"This is clearly the most comprehensive and thoughtful compendium of knowledge on language/vision integration out there, and I'm sure it will be a valuable resource to many researchers and instructors."
- Sven Dickinson, Series Editor (University of Toronto)
Modeling data from visual and linguistic modalities together creates opportunities for better understanding of both, and supports many useful applications. Examples of dual visual-linguistic data includes images with keywords, video with narrative, and figures in documents. We consider two key task-driven themes: translating from one modality to another (e.g., inferring annotations for images) and understanding the data using all modalities, where one modality can help disambiguate information in another. The multiple modalities can either be essentially semantically redundant (e.g., keywords provided by a person looking at the image), or largely complementary (e.g., meta data such as the camera used). Redundancy and complementarity are two endpoints of a scale, and we observe that good performance on translation requires some redundancy, and that joint inference is most useful where some information is complementary.

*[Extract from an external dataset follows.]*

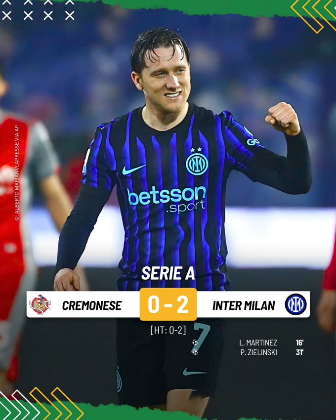 Chuyển sang vòng 23 Serie A, Inter Milan đã có chiến thắng 2-0 ngay trên sân của Cremonese. Những người lập công cho Nerazzurri là Lautaro Martinez (phút 16) và Piotr Zielinski (phút 31).

Computational methods discussed are broadly organized into ones for simple keywords, ones going beyond keywords toward natural language, and ones considering sequential aspects of natural language. Methods for keywords are further organized based on localization of semantics, going from words about the scene taken as whole, to words that apply to specific parts of the scene, to relationships between parts. Methods going beyond keywords are organized by the linguistic roles that are learned, exploited, or generated. These include proper nouns, adjectives, spatial and comparative prepositions, and verbs. More recent developments in dealing with sequential structure include automated captioning of scenes and video, alignment of video and text, and automated answering of questions about scenes depicted in images.
Table of Contents
The Semantics of Images and Associated Text
Sources of Data for Linking Visual and Linguistic Information
Extracting and Representing Visual Information
Text and Speech Processing
Modeling Images and Keywords
Beyond Simple Nouns
About the Author(s)Kobus Barnard
, University of Arizona
Kobus Barnard is a professor of computer science at the University of Arizona. He also has appointments in the School of Information: Science, Technology, and Arts (SISTA), Statistics, Cognitive Science, Electrical and Computer Engineering (ECE), and the BIO5 Institute. He leads the Interdisciplinary Visual Intelligence Laboratory (IVILAB.org). Professor Barnard received his Ph.D. in computer science in 2000 from Simon Fraser University (SFU) in the area of computational color constancy, where his dissertation received the Governor General gold medal awarded across all disciplines. He then spent two years at the University of California at Berkeley as a postdoctoral researcher working on modeling the joint statistics of images and associated text, followed by moving to the University of Arizona. His current research addresses problems in interdisciplinary computational intelligence by developing top-down statistical models that are predictive, semantic, and explanatory. Application domains include computer vision, multimedia data, biological structure and processes, astronomy, and human social interaction. His work has been funded by multiple grants from NSF including a CAREER award, DARPA, ONR, ARBC (Arizona Biomedical Commission), and the University of Arizona BIO5 Institute.